Journal entry after exiling social media

Anyhow, here we are. 4:50 p.m. Calm water over there, evergreen woods behind me, picnic table in front. And, as often happens when I try to write, I’m tired (because usually I’m writing in this thing around 4:50 a.m.).

I neutered my iPhone the other day, in hopes of clearing enough space to enable a software update. I’d ignored “out of storage” messages for a week or more until I couldn’t take a photo or make an audio recording, both of which are handy for my work.

When I looked, half the memory had been absorbed by a mysterious force called “Other.” It wasn’t my apps or photos or messages or similar stuff that was taking up space, it was Other, which apparently is stuff like browser caches and cookies and who knows what else but it was the biggest space hog of them all.

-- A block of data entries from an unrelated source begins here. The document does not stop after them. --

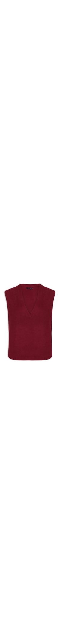 O colete vinho é confeccionado em tricot com superfície texturizada e alta elasticidade. A peça solta ao corpo possui decote V profundo, alças largas, cavas estendidas e barra arredondada.
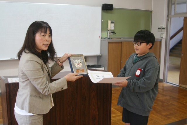 図書館を使った調べる学習コンクールで優秀だった子の表彰
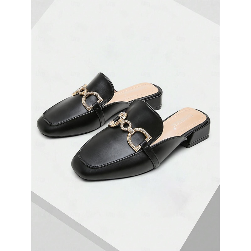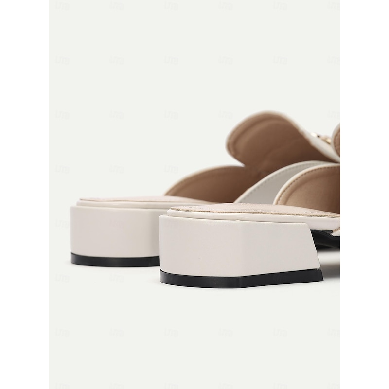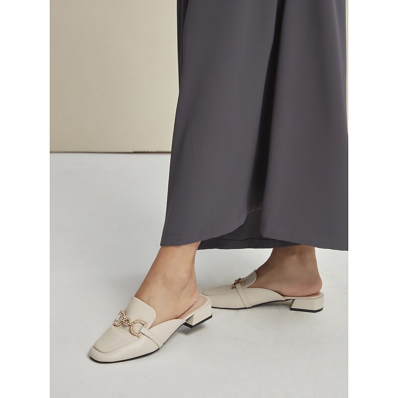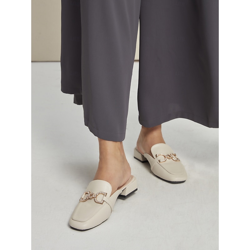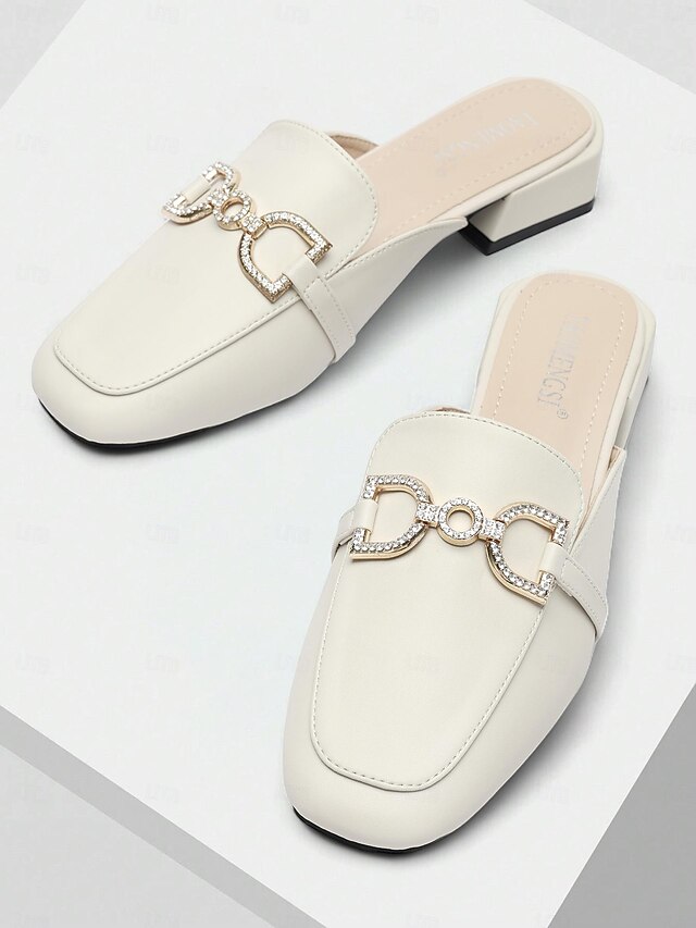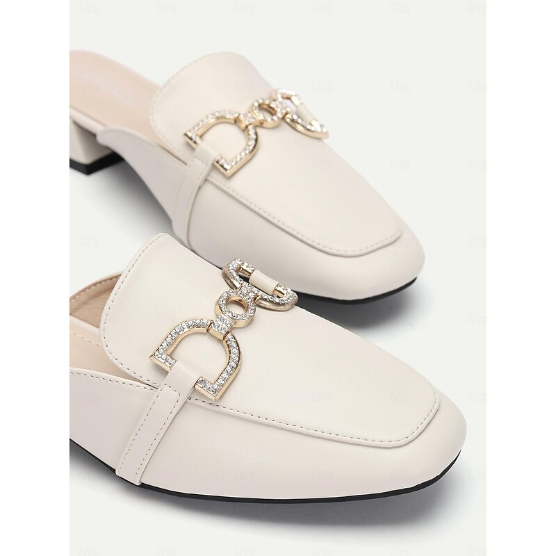 Highlights [Fabric] : Crafted from premium faux leather, these women's mules offer a soft, supple texture for a comfortable feel. The cream shade enhances their versatility, making them suitable for various outfits. [Fit] : Designed with a modern square toe and a comfortable block heel, these mules provide stability and ease for all-day wear. The cushioned insole adds an extra layer of comfort, ensuring your feet feel supported throughout the day. [Design Highlights] : Featuring a glamorous gold-tone chain embellishment adorned with sparkling rhinestones, these mules add a touch of luxury to your ensemble. The sleek slip-on style is both elegant and convenient for quick dressing. [Occasions] : Ideal for both casual and formal settings, these mules are perfect for daily wear, business meetings, or office environments. Their versatile design makes them a chic choice for any occasion, from workdays to weekend outings. [Size Range] : Available in a range of sizes from US5.5 to US10.5 (EU35 to EU42, UK3.5 to UK8.5), providing options for a comfortable fit across different preferences.
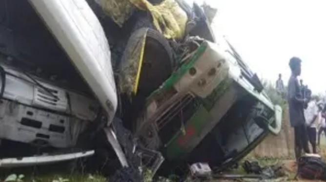 जानकारी के अनुसार, तारा घाटी के पास 35 यात्रियों से भरी बस और ट्रेलर में भिड़ंत हो गई. टक्कर इतनी जोरदार थी कि दोनों वाहन 20 फीट गहरी खाई में जा गिरे. खाई में गिरने के बाद ट्रेलर वाहन बस के ऊपर गिर गया,
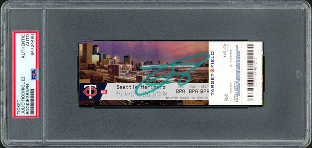 Own a piece of baseball history with this Julio Rodríguez Autographed MLB Debut Ticket! This collectible ticket marks Rodríguez’s Major League Baseball debut on April 8, 2022, when the Seattle Mariners faced the Minnesota Twins. A rising star and one of baseball's most exciting talents, Rodríguez made his mark at Target Field, starting a career destined for greatness.
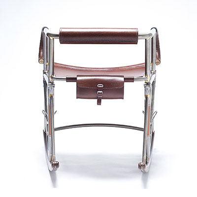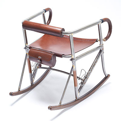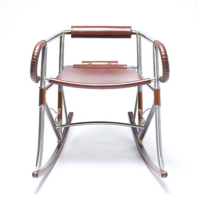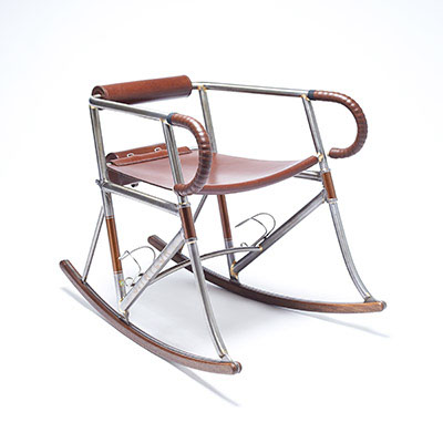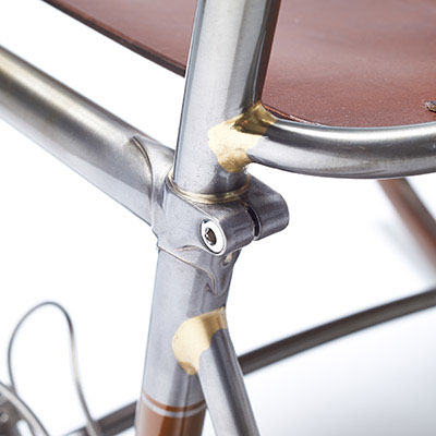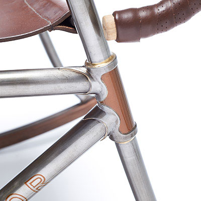Inspired by classic hand-built racing and touring bicycles manufactured by the master Constructeurs of the 1940s, the Randonneur Chair is handcrafted from Reynolds 631 tubing, hardwood and bicycle saddle leather. Using bicycle geometries and traditional frame-building techniques, it is both a celebration of cycling and of bespoke British craftsmanship
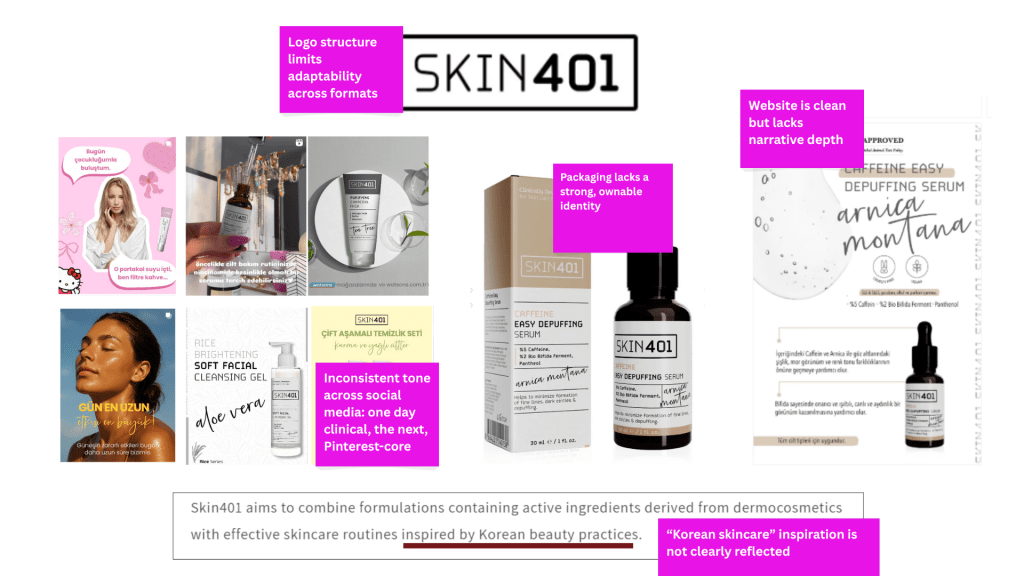 🎯 Goal: To translate Skin401’s existing credibility into a more cohesive, recognizable identity — one that builds emotional connection without losing trust.
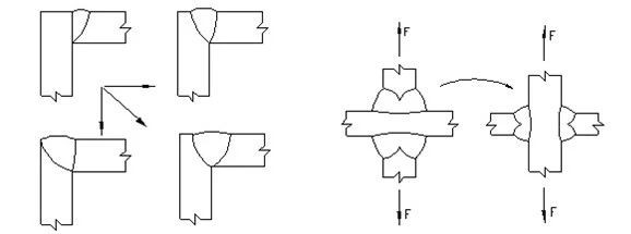 În îmbinările în formă de T și în formă de cruce, secțiunile de tranziție din oțel turnat sau oțel forjat sunt utilizate pentru a înlocui îmbinările în formă de T și în formă de cruce (e, f) cu îmbinări cap la cap;
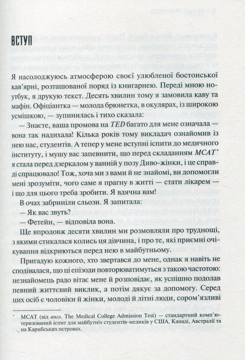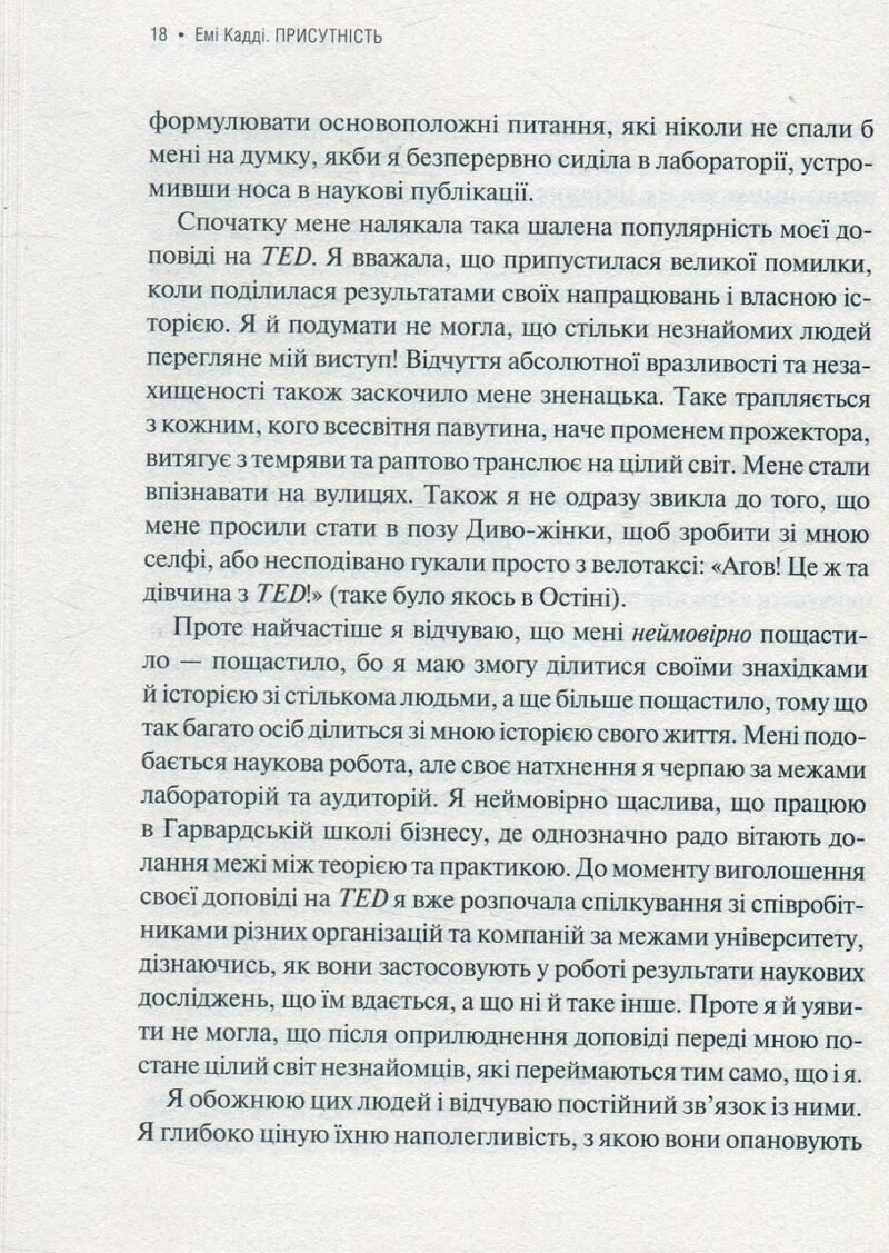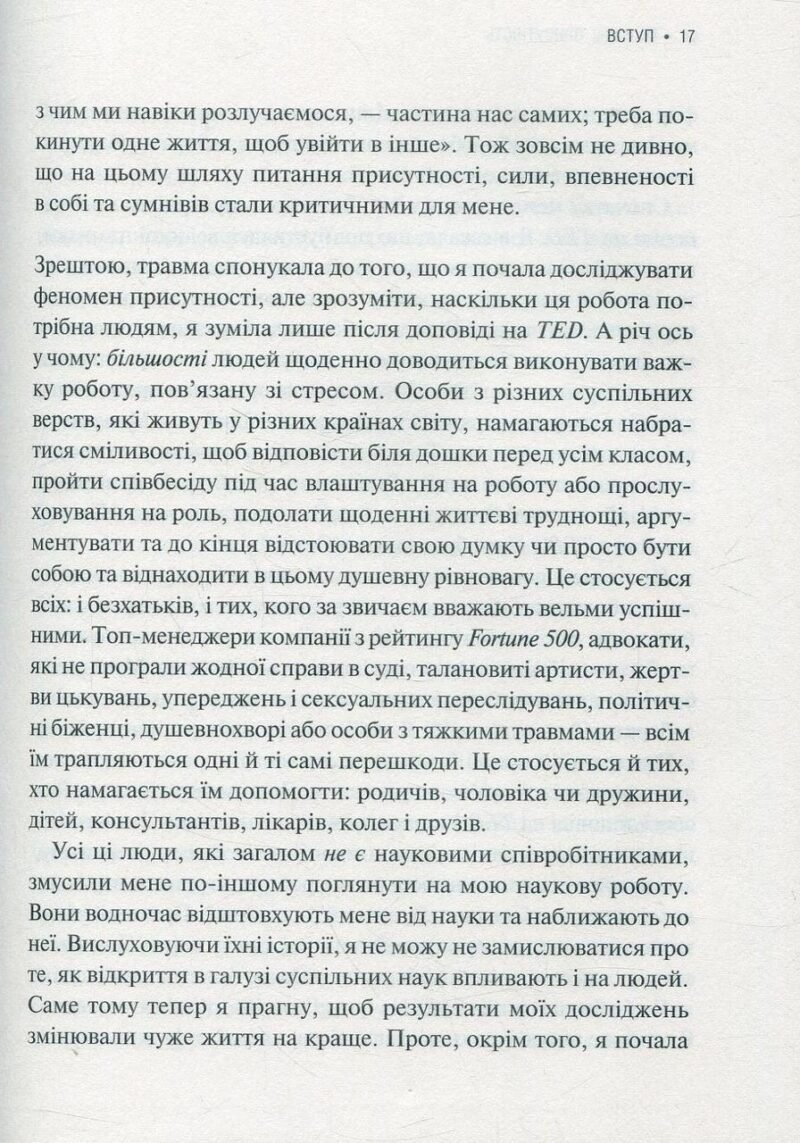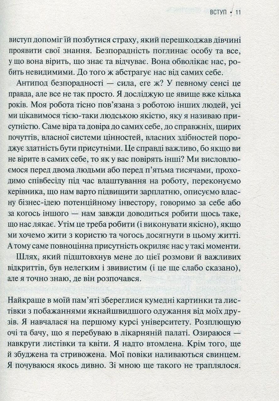 М Считаєте, що позбутися тривоги й безглуздих передчуттів у стресових ситуаціях неможливо? Мрієте навчитися впевнено долати перешкоди, вірити у власні сили, радіти життю та контролювати своє тіло? Емі Кадді, відомий фахівець із соціальної психології, авторка цікавих праць із психології та розвитку особистості, розповідає, як навчитися «бути присутнім»: • Як позбутися сумнівів у собі та навчитися слухати? • Як усвідомити власну силу і навчитися контролювати своє тіло? • Як стати господарем своєї життя і досягти життєвих вершин? • Як працювати над собою, щоб змінитися самому та змінити життя на краще?

In my research I found all that Other may have been caused by a bug in iOS version 13-something, but good news, version 14 was ready and waiting to be installed. The problem was, the upgrade process needed space that wasn’t available because of all that Other.

The quickest solution was deleting the apps that used the most space — Audible, Facebook, and three business and personal email accounts — and reloading them later. A few minutes later version 14 was in the phone, and voila! I was using only half of the device’s storage capacity.

I reloaded Audible and signed back in — gotta have my audiobooks, don’t ya know — but I paused before reloading Facebook and the emails. Wait a minute, I said. Facebook and email are off my phone, and my biggest surfing distractions are not available. This is good, I think.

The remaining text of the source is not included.